Nathan James Lindsay (May 24, 1936 – May 25, 2015) was a major general in the United States Air Force and a former astronaut. He worked on the Titan III and the Air Force Satellite Control Network.

Early years
Lindsay was born in Monroe, Wisconsin, and earned both a bachelor of science degree and a master of science degree in mechanical engineering from the University of Wisconsin–Madison. He then earned a master of science degree in systems management from the University of Southern California.

Military career
While studying at the University of Wisconsin–Madison, Lindsay earned his commission through the Air Force Reserve Officer Training Corps.
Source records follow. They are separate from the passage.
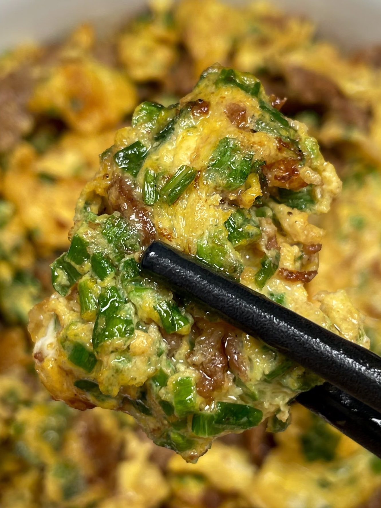 当蛋炒至七成熟时,将之前炒好的牛肉片倒回锅中,快速翻炒均匀。此时,牛肉的鲜香和蛋的嫩滑开始相互融合,形成独特的美味。最后,加入一小勺生抽,提鲜增色,再翻炒均匀,即可出锅。
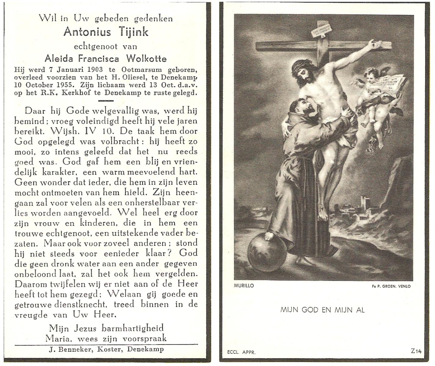 TIJINK, Antonius, geboren op 7-1-1903 te Ootmarsum, overleden op 10-10-1955 te Denekamp op 52-jarige leeftijd, begraven op 13-10-1955 te Denekamp R.K.kerkhof.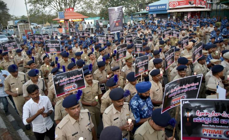 Central Reserve Police Force (CRPF), Police personnel and Civilians take out a candle light rally at Necklace Road on Friday evening to pay tributes to martyrs of Pulwama Terror Attack - INN Photos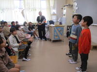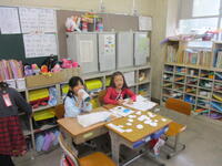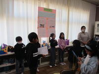 本日は,若葉保育園とホザナ幼稚園の年長さんたちが,学校に来て1年生と遊びました。今日は,自己紹介の後,1年生が国語の学習で作ったお話し文を,年長さんに聞いてもらいました。「小学校に入ると,こんなに難しいお勉強もするんですね」と,先生方も驚いていました。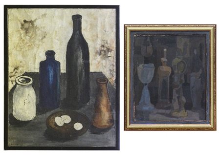 Lotto composto da due dipinti a olio su tela, raffiguranti nature morte, di mis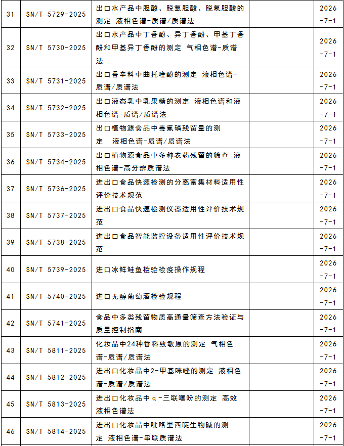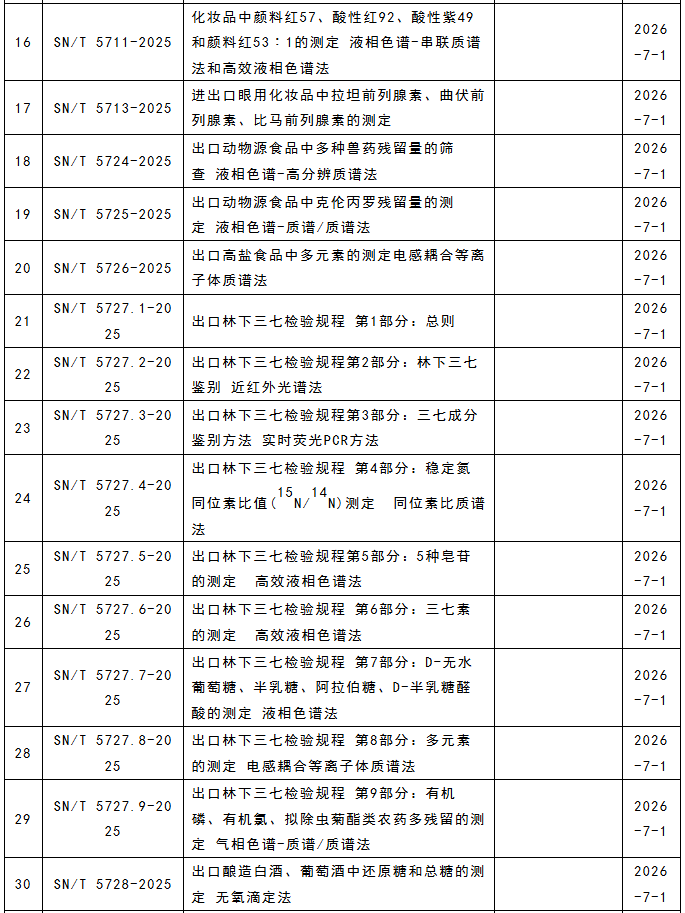 這117項(xiàng)行業(yè)標(biāo)準(zhǔn)涵蓋食品、化妝品、藥材等領(lǐng)域,涉及液相色譜串聯(lián)質(zhì)譜法、液相色譜-質(zhì)譜/質(zhì)譜法、高效液相色譜法、電感耦合等離子體質(zhì)譜法、近紅外光譜法、實(shí)時(shí)熒光PCR方法等檢測(cè)方法。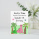 Um doce convite de dinossauros para meninas. Um dinossauro rosa e verde ao lado das palmeiras e acentuado por pequenas borboletas flutuando ao redor. Personalize com todas as informações de sua parte conforme desejado.

He joined the Air Force in 1959, and in 1980 he was named director of operations support and interrogations in the Space Systems Division and in 1982 he was named assistant deputy commander for space operations. Lindsay worked on the Titan III and the Air Force Satellite Control Network. In 1987 he became Director of Special Projects in the Office of the Secretary of the Air Force, and was promoted to Major General in 1988. Lindsay retired from the Air Force effective January 1, 1993.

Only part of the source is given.